Serialization and deserialization: Producer has to do serialization before sending and consumer has to do deserialization before consuming it.

kafka message version: Kafka can't handle the version directly whereas it allows user to handle mutiple version by adding message version no in the message schema or payload.

Message ordering in kafka: kafka guarentees that message within the partition is in ordered sequence.

How does Kafka handle message ordering across multiple partitions:Kafka only guarantees message ordering within a single partition. Across multiple partitions, there is no guarantee of message ordering.

How does Kafka handle consumer lag?

Consumer lag in Kafka refers to the difference between the offset of the last produced message and the offset of the last consumed message. Kafka provides tools and APIs to monitor consumer lag, such as the Kafka Consumer Groups command-line tool and the AdminClient API. High consumer lag can indicate performance issues or insufficient consumer capacity. Kafka doesn't automatically handle lag, but it provides the information needed for applications to make scaling or performance optimization decisions.





Apend only writing,/sequential read.

Describe how leaders and followers work in Kafka replication.
Each partition elects a single leader; the leader handles all client reads/writes for that partition. Followers replicate the leader’s log asynchronously (or near-synchronously depending on settings). Followers stay in-sync by pulling fetches; if the leader fails, a follower in the ISR (in-sync replica set) is elected leader to maintain availability.

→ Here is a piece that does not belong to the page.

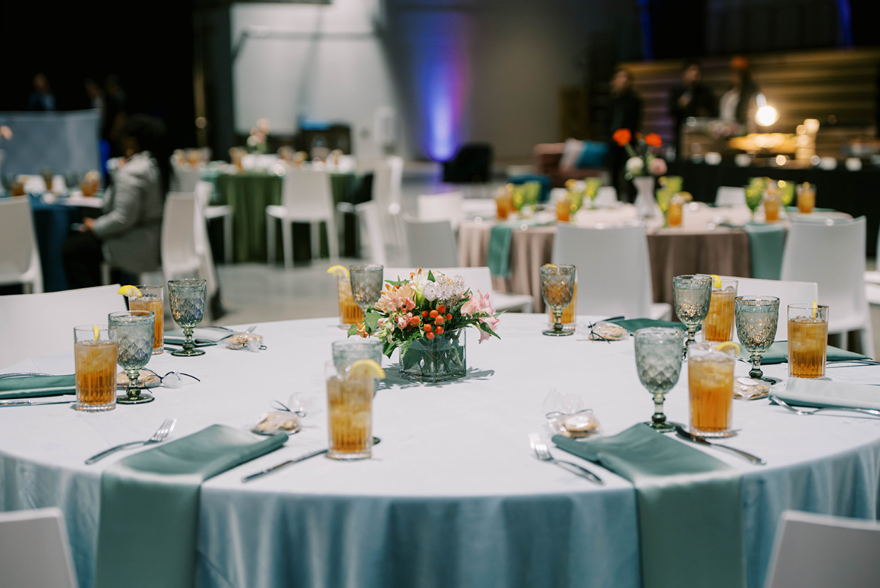 2026 Trends: Drapery, custom backdrops, elevated linens, and enhanced table settings are rising in popularity. Small details—like unique flatware, napkin rings, and centerpieces—can make a big impression and tie branding into the physical event space.

Can you explain ISR (In-Sync Replica) and its importance?
ISR is the set of replicas that have fully caught up with the leader (within configured lag thresholds). Only members of ISR are eligible for leader election (by default), ensuring that promoted leaders are up-to-date and minimizing data loss. ISR size and lag thresholds control trade-offs between availability and consistency.

Describe the lifecycle of a Kafka message from producer to consumer.
Producer serializes and sends message to a partition, leader appends to its log and (depending on acks) waits for replication, broker acknowledges. Consumer polls broker, fetches messages (commonly in batches), deserializes, processes, and commits offsets (to Kafka or external store). Offsets track consumption progress for fault-tolerant consumption.

What is the difference between acks=0, acks=1, and acks=all?
acks=0: producer does not wait for broker ack — lowest latency, highest risk of data loss.
acks=1: leader acknowledges after persisting to its log — moderate durability; risk if leader fails before followers replicate.
acks=all (or -1): leader waits for all ISR replicas to acknowledge — strongest durability (with replication factor >1), higher latency.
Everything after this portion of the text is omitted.